A partir d’aujourd’hui, s’ouvre à Bruxelles le trilogue européen sur la nouvelle réglementation concernant les énergies renouvelables et notamment la filière biomasse. Les enjeux spécifiques au territoire guyanais y seront abordés et sera notamment posée la question des éventuelles dérogations à cette réglementation pour s’adapter aux particularités de la Guyane. Tour d’horizon des enjeux liés à cette évolution.

Une réglementation européenne pour assurer un mix énergétique durable

La directive sur les énergies renouvelables (Renewable Energy Directive ou RED) est une réglementation européenne révisée périodiquement qui vise à orienter les politiques publiques pour rendre durable la production énergétique des pays de l’Union européenne. Cette directive fixe alors des objectifs de production d’énergie renouvelables, des critères pour évaluer la durabilité des énergies ainsi que les conditions d’éligibilité à des subventions sur l’énergie.

Dans le cadre de la révision de la directive, l’attention des rédacteurs s’est portée sur la filière biomasse car des recherches récentes ont montré que la combustion de bois brut non transformé avait un fort impact sur les émissions de gaz à effet de serre et sur la biodiversité. Le texte révisé propose alors d’imposer une première utilisation de la matière comme bois d’oeuvre puis de réserver les déchets d’exploitation forestière et de scierie pour la filière énergie.

Ce système, actuellement utilisé en Guyane, permet de tirer un maximum de valeur économique et environnementale des arbres abattus, jusqu’à la moindre sciure: un arbre abattu pourra alors servir dans la construction, l’ameublement, l’artisanat, la chimie et enfin l’énergie, profitant ainsi à de nombreuses filières sur le territoire et permettant de continuer à stocker du carbone.
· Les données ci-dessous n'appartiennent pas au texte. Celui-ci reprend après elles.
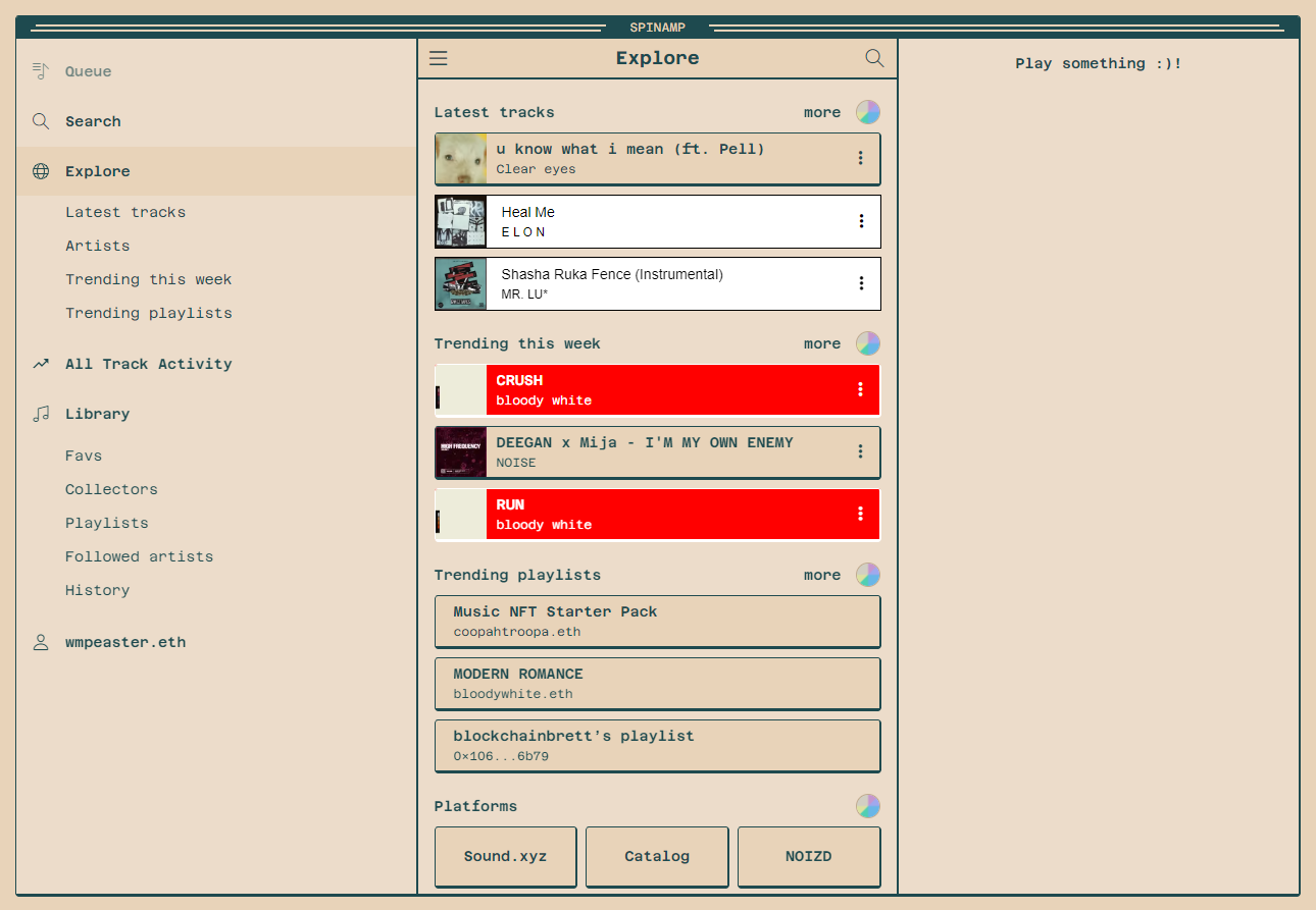 - J for “Jam” — The music NFT scene continues to gain traction, which makes web3 music players like Spinamp really convenient for enjoying and organizing playlists of your favorite songs.

Guyane Nature Environnement encourage cette utilisation en cascade du bois, bénéfique au niveau environnemental et économique pour tout le territoire, à la suite de l’exploitation forestière à faible impact pratiquée par l’ONF et les exploitants forestiers ainsi qu’à la suite d’opérations de défriche agricole et urbaine.

Des dérogations imprécises

Le texte qui sera discuté lors du trilogue porte deux modifications par rapport au régime général de la future directive RED III. La première permettrait à la Guyane de déroger au principe d’utilisation en cascade du bois, du bois de charpente jusqu’au bois-énergie, et ainsi d’envoyer des arbres entiers dans les centrales biomasse. Si l’absence de hiérarchisation des usages du bois est à regretter, le texte n’apporte pas non plus les garanties suffisantes pour s’assurer que la filière est durable et que les déforestations permettent in fine l’installation d’agriculteurs ou d’aménagements.
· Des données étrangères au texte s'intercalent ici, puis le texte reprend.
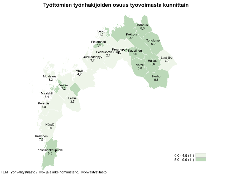 Työttömien työnhakijoiden määrä kasvoi kaikissa Pohjanmaan ELY-keskuksen seutukunnissa vuoden takaiseen verrattuna. Työttömien määrä kasvoi Vaasan seudulla 140 henkilöllä (+ 5 %), Suupohjan rannikkoseudulla 35 henkilöllä (+ 11 %), Pietarsaaren seudulla 168 henkilöllä (+ 18 %), Kokkolan seutukunnassa 157 henkilöllä (+ 9 %) ja Kaustisen seutukunnassa 9 henkilöllä (+ 2 %). Pohjanmaan ELY-keskusalueen seutukunnista alhaisin työttömyysaste oli Suupohjan rannikkoseudulla, 4,5 %. Eniten työttömiä työnhakijoita oli Vaasan seudulla, 3065 työtöntä työnhakijaa.
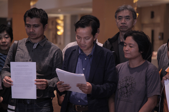โดยนายคำรณ ชูเดชา ผู้ประสานงาน ขสบ.เป็นตัวแทนอ่านแถลงการณ์ดังนี้
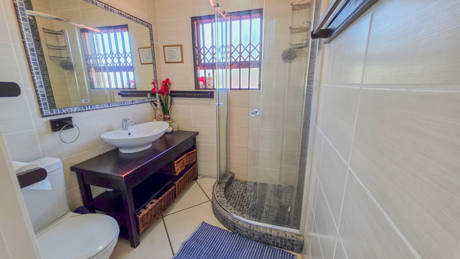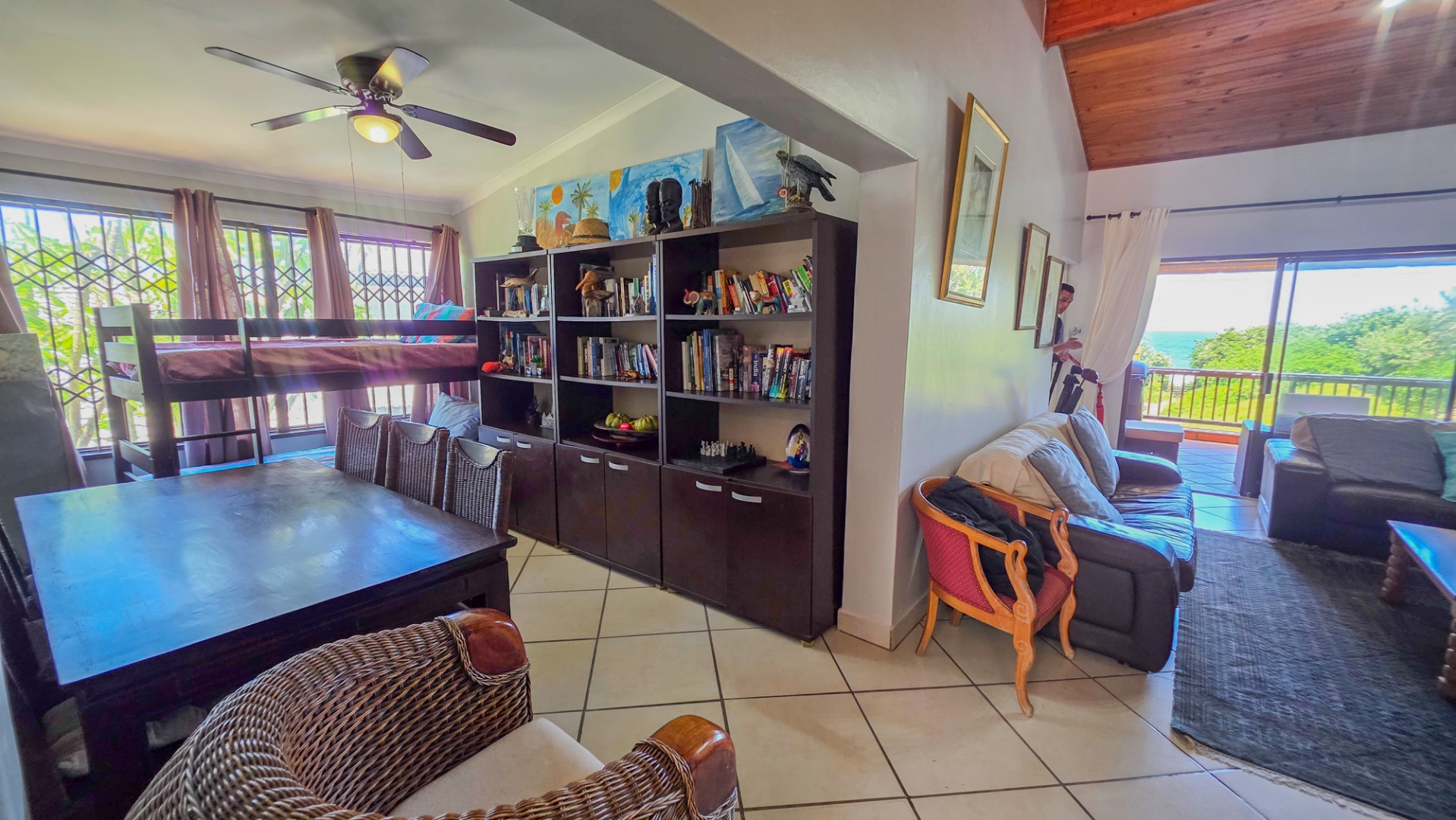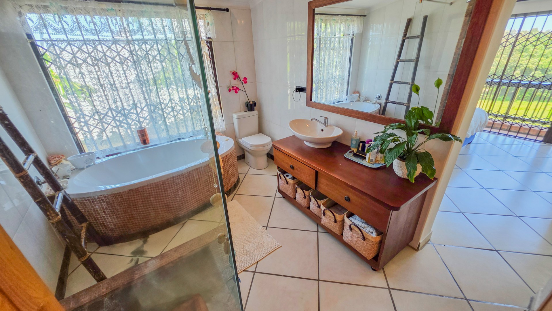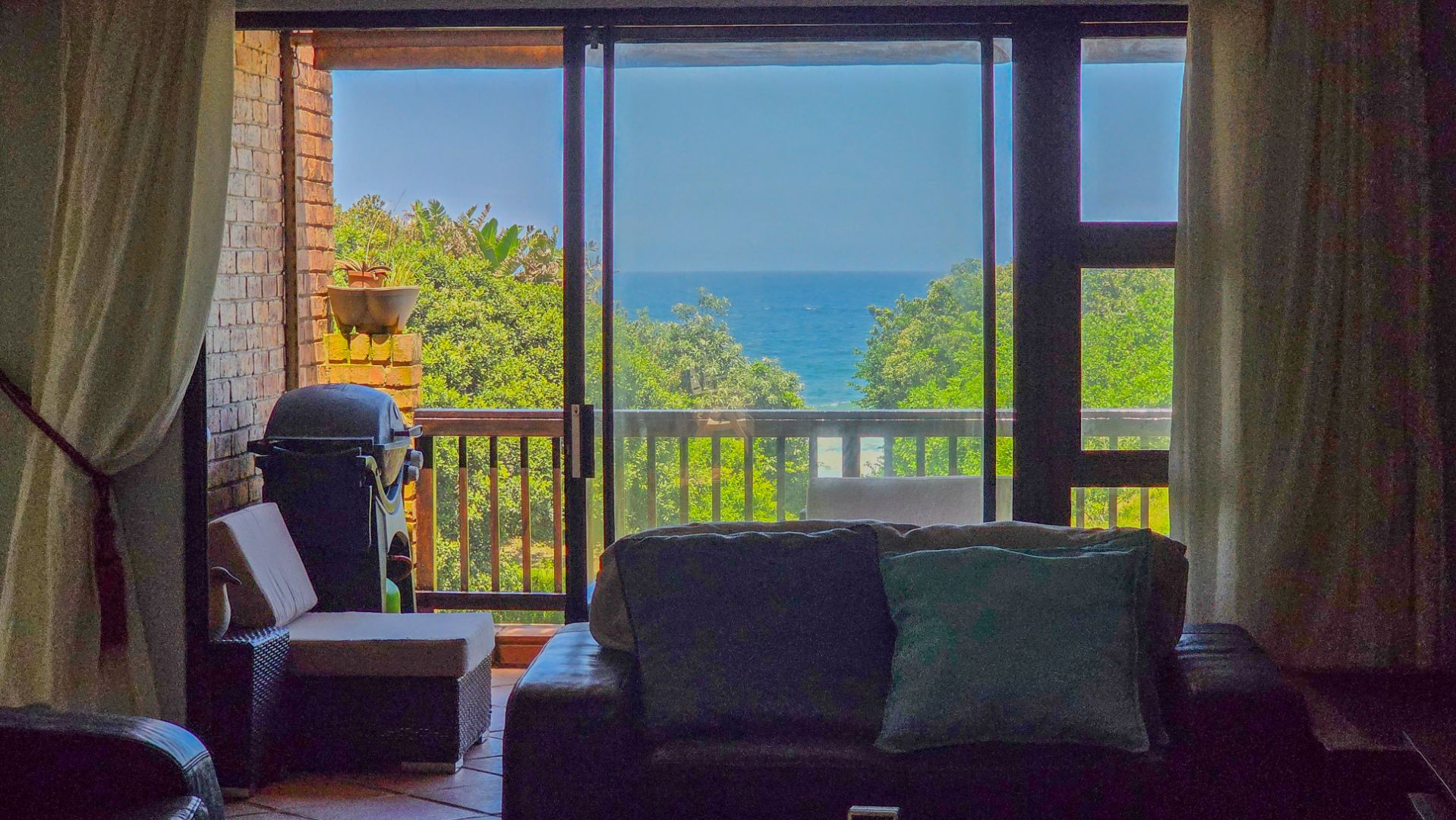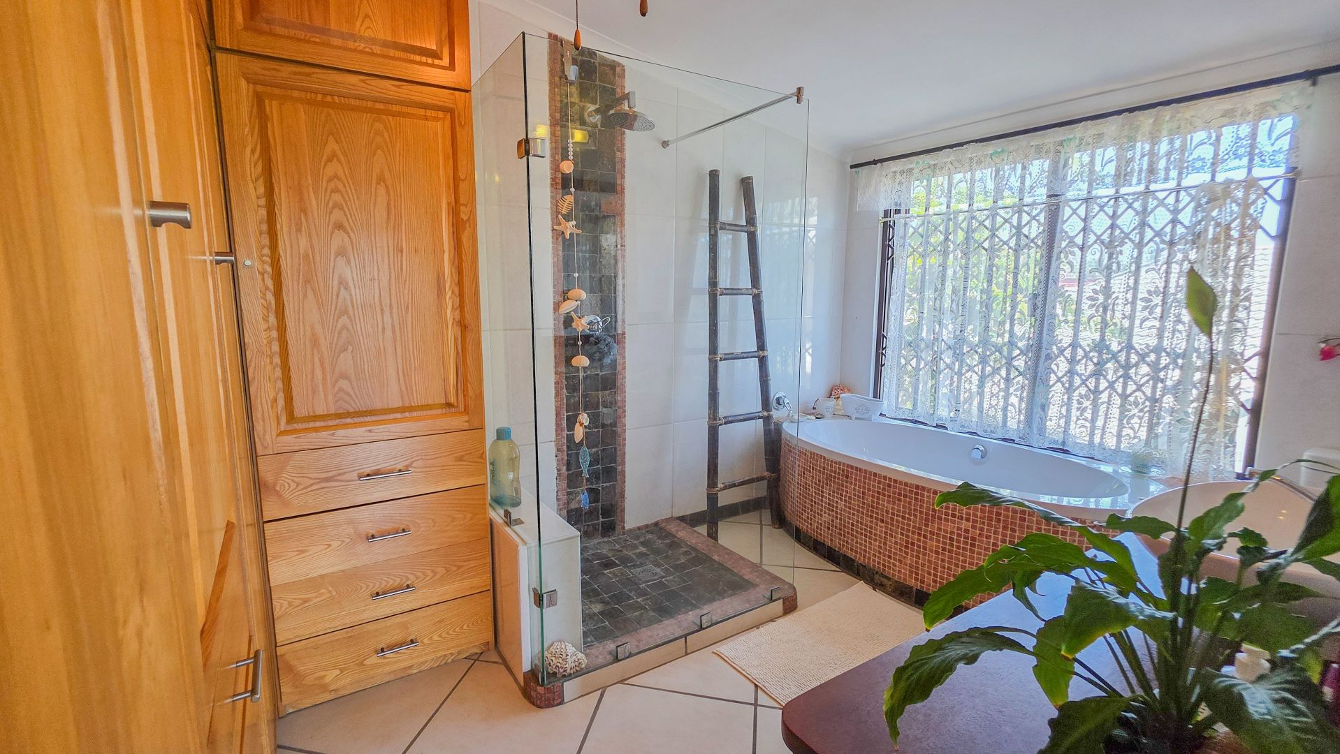 The main bedroom offers privacy and comfort, fitted with built in cupboards and a ceiling fan. Sliding doors open onto a private balcony with the same sea views enjoyed from the lounge. The en suite bathroom features a corner bath, shower, basin, and toilet with clean, modern finishes.

S’agissant de l’exploitation des bois issus d’opérations de défriche agricole et urbaine, une dérogation aux critères de durabilité sur le choix des parcelles a déjà été demandée: cette disposition ouvrirait potentiellement à de la défriche de forêt primaire pour produire de la biomasse, un calcul perdant pour la biodiversité comme pour les autres filières du bois.

La seconde modification du texte porte sur la possibilité de déroger aux critères de durabilité pour la biomasse solide, gazeuse et désormais liquide, autrement dit la production d’agrocarburants. Cette dérogation permettrait alors de produire des agrocarburants sur des terres à grande valeur de biodiversité ou qui stockent beaucoup de carbone, pour des installations spatiales ou énergétiques comme la centrale du Larivot, alors qu’ils pourraient être produits sur des terres déjà dégradées. Là aussi, il y a très peu de garanties sur la durabilité de telles exploitations, qui pourraient rentrer en concurrence avec l’exploitation agricole à but alimentaire alors que l’autonomie alimentaire est un objectif clé du développement du territoire.

“Nous avons la possibilité de développer sur le territoire des filières agricole et énergétique exemplaires et durables, qui profitent à tous les guyanais : pourquoi ne pas aussi hisser la Guyane au rang de carrefour mondial d’excellences en matière de développement durable?” questionne Matthieu Barthas, président de Guyane Nature Environnement.